Leveraging cell research has become integral to the operation of genomics, screening, biomarker discovery, and biotherapeutics development rules around the world.
- Gene and protein expression
- Functional assays based on target molecules
- Primary and transfected cells
All these areas are crucial for bioscience disciplines. By automating these processes, researchers achieve consistent results and regain hours that can be spent on more intensive aspects of the process.
There are three common types of artificial cloning. The first one, reproductive cloning, is the one that sparks the most scientific and ethical debate. It’s also one of the most exciting fields in gene cloning research since the possibilities are virtually limitless.
The second type is therapeutic cloning. This process reproduces embryonic stem cells, with the goal of recreating injured or diseased tissue. If successful, experiments in this field could be revolutionary for reversing injury or degenerative disease.

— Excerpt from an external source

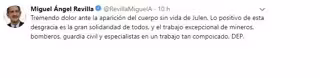 En su tweet, señala como "lo positivo" de este suceso la "gran solidaridad de todos y el trabajo excepcional de mineros, bomberos, guardia civil y especialistas en un trabajo tan complicado".
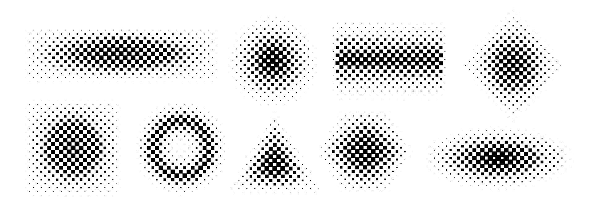 Gradient halftone shape set. Dotted textured round, square, rectangle patterns. Cartoon faded background collection. Pixel bitmap element pack for frame, poster, collage, banner. Comic bundle Pro Vector

The third type of artificial cloning is gene cloning. This process reproduces genes and involves inserting a gene from one organism into a carrier. These carriers are referred to as vectors, and often include viruses, bacteria, and plasmids. After the gene is placed in the vector, the vector is exposed to manipulated lab conditions that cause it to multiply on repeat. This produces many, many identical copies of the gene initially inserted into the vector.
Transfection is a scientific process that exposes protein expression and gene function. In most cases, labs leverage this process to understand the following:
- Gene regulation and function
- Protein production and expression
- Analyzing mutations
- Biochemical mapping
At its core, transfection is the process of introducing foreign genes or materials into the cell’s pre-existing DNA. By introducing eukaryotic cells to nucleic acids, scientists can study genes in a controlled environment.
Assay-based technology, paired with automated selection methods, allows researchers to keep DNA expressions stable. This allows the process to be mostly automated, rather than spending precious manhours on repetitive tasks that our systems can do. By reducing human error, giving time back, and allowing researchers to focus on the work that really matters to them, automation is the way to go.